:: INPUT DATA

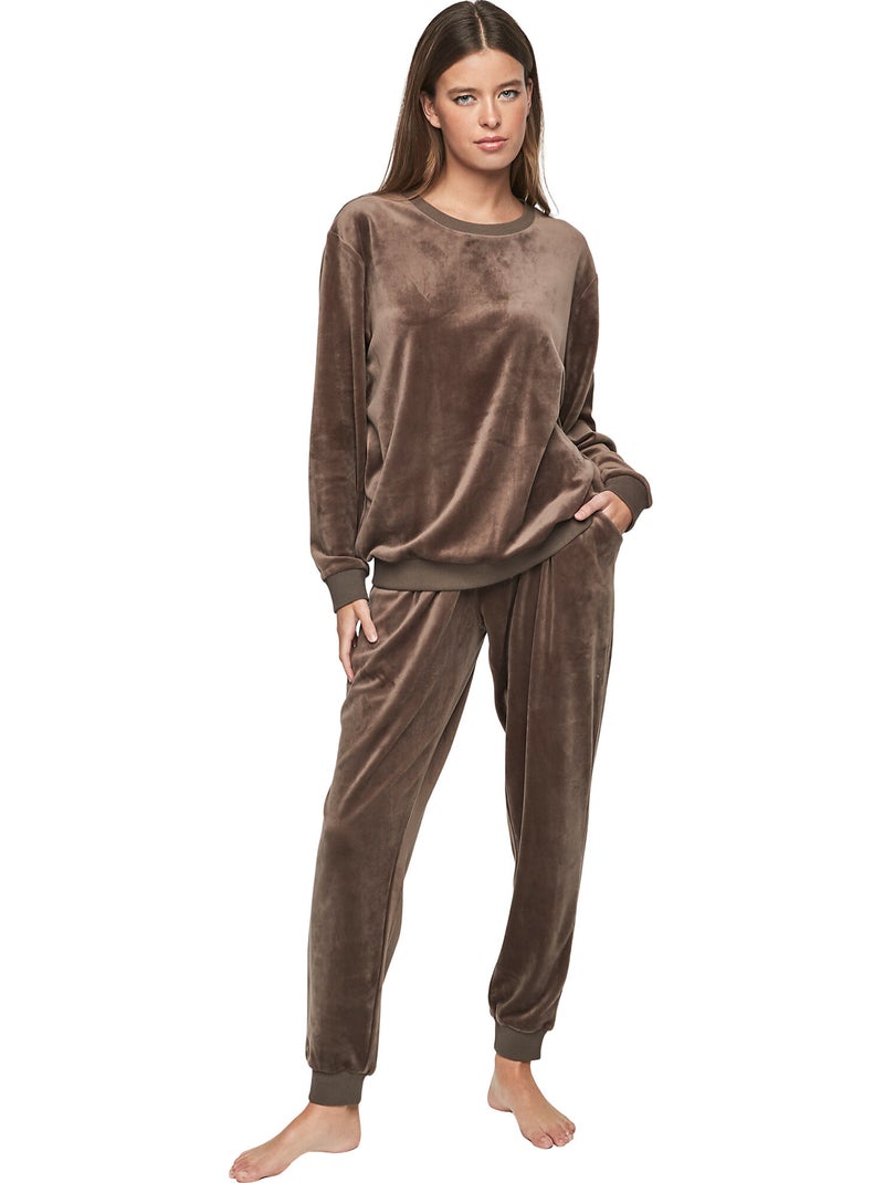 Tenue détente pyjama pantalon top P115 SPORT - Marron
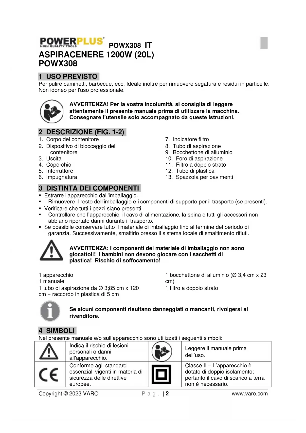 Copyright © 2023 VARO P a g . | 2 www.varo.com ASPIRACENERE 1200W (20L) POWX308 1 USO PREVISTO Per pulire caminetti, barbecue, ecc. Ideale inoltre per rimuovere segatura e residui in particelle. Non idoneo per l'uso professionale. AVVERTENZA! Per la vostra incolumità, si consiglia di leggere attentamente il presente manuale prima di utilizzare la macchina. Consegnare l’utensile solo accompagnato da queste istruzioni. 2 DESCRIZIONE (FIG. 1-2)
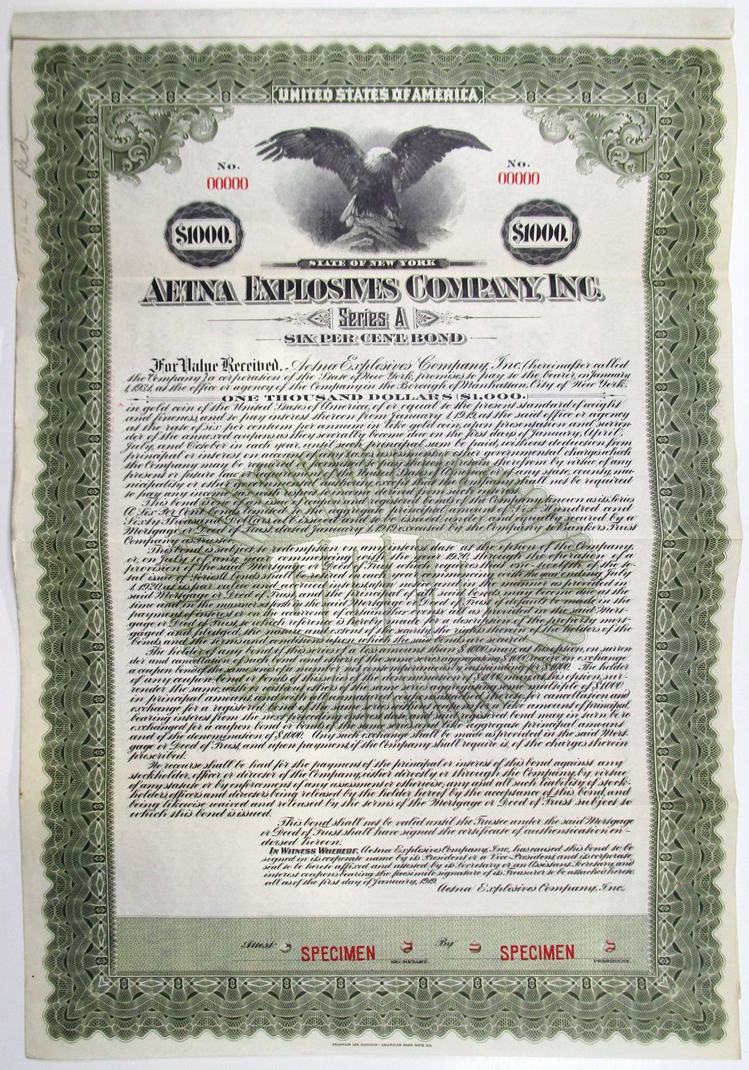 New York, 1919. $1000 Specimen 6% Series A Coupon Bond, Black text with green border and undertint, Eagle with spread wings at top center. Red specimen overprints, 00000 serial numbers, and POCs. Fine-VF condition, ABNC. On January 1, 1919 Bankers Trust Company of New York became trustee of the company and the finances of the company were reorganized. Aetna Explosives tried to hang on, publishing a 156 page book/catalog describing its products and how to use them in 1920. The cover of that book listed thirteen branch offices, nine large plants, and one-hundred and ten distributing stations, but it was all for naught, for in 1921 Aetna Explosives was sold to the Hercules Powder Company, one of the companies formed after the breakup of the Powder Trust. Rare Transition bond issued for the takeover by Bankers Trust Company in 1919.
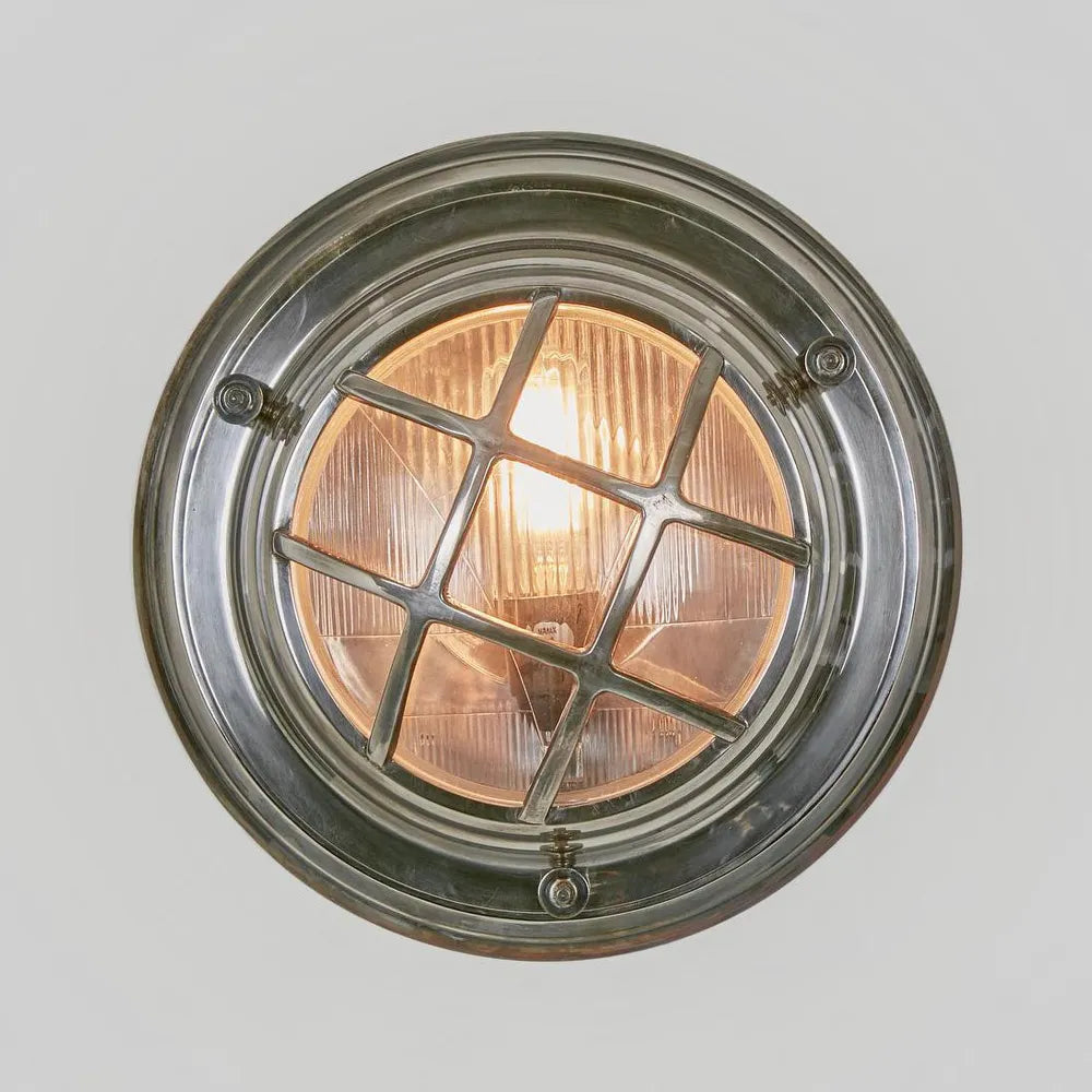 Designed to replicate the lights that were found on Royal Navy vessels, this IP54-rated flush-mount bunker light will add nautical charm into outdoor or indoor spaces. Featuring a circular brass structure with a caged design available in a brass or silver finish and an opal plexiglass cover with hand-blown clear rib glass. This design will warmly illuminate porches, patios, hallways or bathrooms.
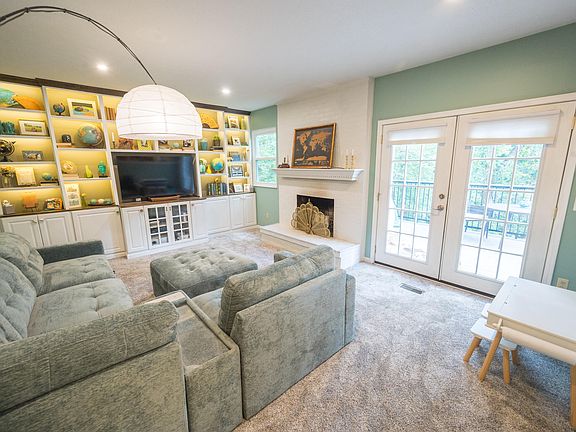 Feels like home the moment you walk in! 4 good sized bedrooms and 3.5 baths provide plenty of space. The cozy family room with wood burning fireplace features built-in bookshelves and a view to the deck with surrounding trees. The recently finished lower level is perfect for a work from home space, game days, or space to entertain friends. Step onto the updated composite deck and enjoy your own private, wooded backdrop—peaceful and perfect for morning coffee or evening get-togethers. Move-in ready and waiting for you! Owner improvements include HVAC 2020, newer windows, newer kitchen appliances, new carpet on main floor and stairs, finished lower level and bar, bookshelves in family room and more. Floorplan scan shows approx 2,366 sq ft. finished space.
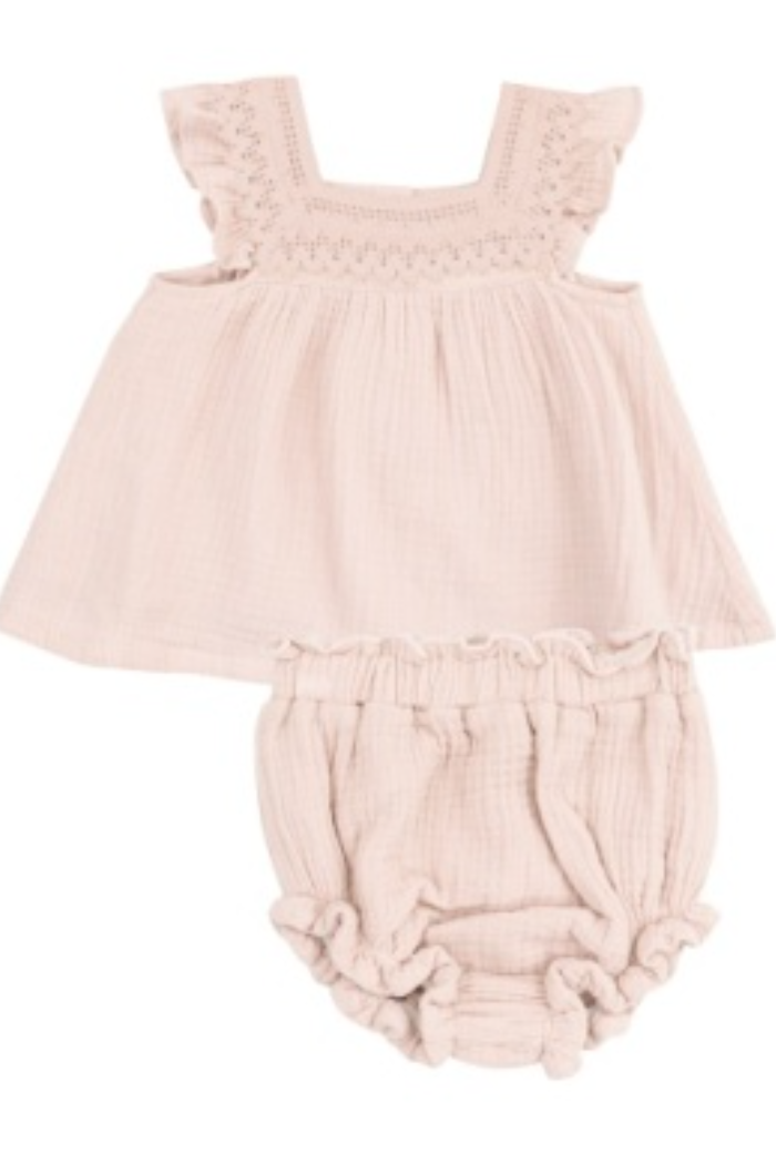 Rose Smoke Pinafore w/Crochet Heart Lace & High Waisted Diaper Cover

::::

→ TASK TO CARRY OUT
Only the lines from the beginning of the records up to and including the line with "Designed to replicate" should appear, exactly as they are, and no pictures.

→ YOUR SOLUTION
 Tenue détente pyjama pantalon top P115 SPORT - Marron
 Copyright © 2023 VARO P a g . | 2 www.varo.com ASPIRACENERE 1200W (20L) POWX308 1 USO PREVISTO Per pulire caminetti, barbecue, ecc. Ideale inoltre per rimuovere segatura e residui in particelle. Non idoneo per l'uso professionale. AVVERTENZA! Per la vostra incolumità, si consiglia di leggere attentamente il presente manuale prima di utilizzare la macchina. Consegnare l’utensile solo accompagnato da queste istruzioni. 2 DESCRIZIONE (FIG. 1-2)
 New York, 1919. $1000 Specimen 6% Series A Coupon Bond, Black text with green border and undertint, Eagle with spread wings at top center. Red specimen overprints, 00000 serial numbers, and POCs. Fine-VF condition, ABNC. On January 1, 1919 Bankers Trust Company of New York became trustee of the company and the finances of the company were reorganized. Aetna Explosives tried to hang on, publishing a 156 page book/catalog describing its products and how to use them in 1920. The cover of that book listed thirteen branch offices, nine large plants, and one-hundred and ten distributing stations, but it was all for naught, for in 1921 Aetna Explosives was sold to the Hercules Powder Company, one of the companies formed after the breakup of the Powder Trust. Rare Transition bond issued for the takeover by Bankers Trust Company in 1919.
 Designed to replicate the lights that were found on Royal Navy vessels, this IP54-rated flush-mount bunker light will add nautical charm into outdoor or indoor spaces. Featuring a circular brass structure with a caged design available in a brass or silver finish and an opal plexiglass cover with hand-blown clear rib glass. This design will warmly illuminate porches, patios, hallways or bathrooms.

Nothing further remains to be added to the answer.